Polynesian paralysis pills 
In 2021, Rx Aloha in Kahului, Hawaii began to market sugar candy pills as Polynesian Paralysis Pills (tm). These pills have no chemicals or medicinal ingredients, but are recommended to be taken twice daily to get a daily dose of aloha. RX Aloha also uses "Less Stress . . . More Aloha" (tm) and "Get Your Daily Dose Of Aloha" (tm) in their marking campaigns.

Polynesian paralysis drinks 
There are several cocktail drinks called Polynesian paralysis. Most contain rum or the ancient Hawaiian alcohol okolehao. Jeff "Beachbum" Berry is a mixologist who has invented and published many of his own cocktail recipes over the years. One of his signature drinks is called the Polynesian paralysis and includes 3 oz. okolehao, 3 oz. orange juice, 3 oz. unsweetened pineapple juice, and 3/4 oz. lemon juice along with orgeat syrup and other sweeteners blended with crushed ice. In his book, Waikiki Beachnik, author H. Allen Smith describes the symptoms of Polynesian paralysis as "a screaming desire not to work or do anything that requires any physical or mental efforts"

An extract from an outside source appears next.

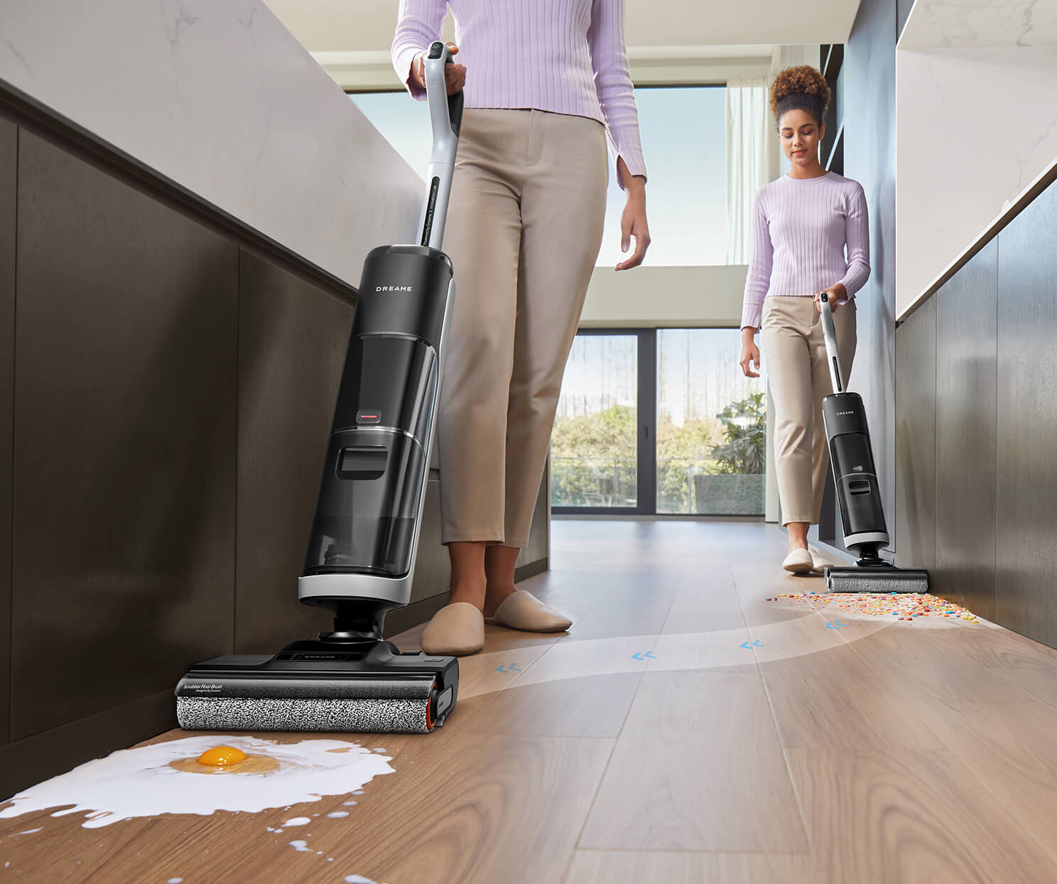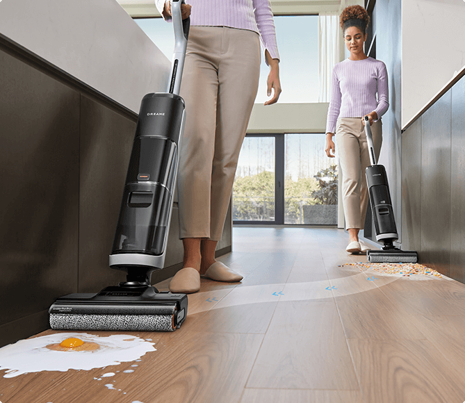 ¹180°, 14 cm, 9,8 cm: De hele behuizing van de stofzuiger kan ruimtes tot 14 cm diep bereiken en de borstelkop tot 9,8 cm diep, gebaseerd op testgegevens van Dreame Lab.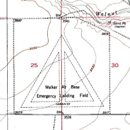 The 1975 USGS topo map only depicted a single runway (northeast/southwest), labeled “Walker Air Base Auxiliary Landing Field #3 (Abandoned)”.

Polynesian paralysis food 
Da Kitchen was established in 1998 in Maui and serves creative diverse cuisine with an emphasis on traditional Hawaiian foods. Da Kitchen has been featured on the Travel Channel Bizarre Food Show, Man vs. Food, and The Food Network Diners. Da Kitchen has 2 locations in Maui in both Kihei and Kahului. Da Kitchen serves a local Hawaiian dish called Polynesian Paralysis which contains fish tempura, kaula pork, two eggs, onions and mushrooms with brown gravy over fried rice. One review on YELP stated "Polynesian paralysis moco - now this.....was soooo good. Like omg good, the kalua pork was smoky and flavorful, the fish tempura was crunchy and the fish was soft, the pork fried rice was perfect, eggs, gravy, onions, everything!!! … I think this is better than the Notorious BIG Moco. This one has better and unique flavors."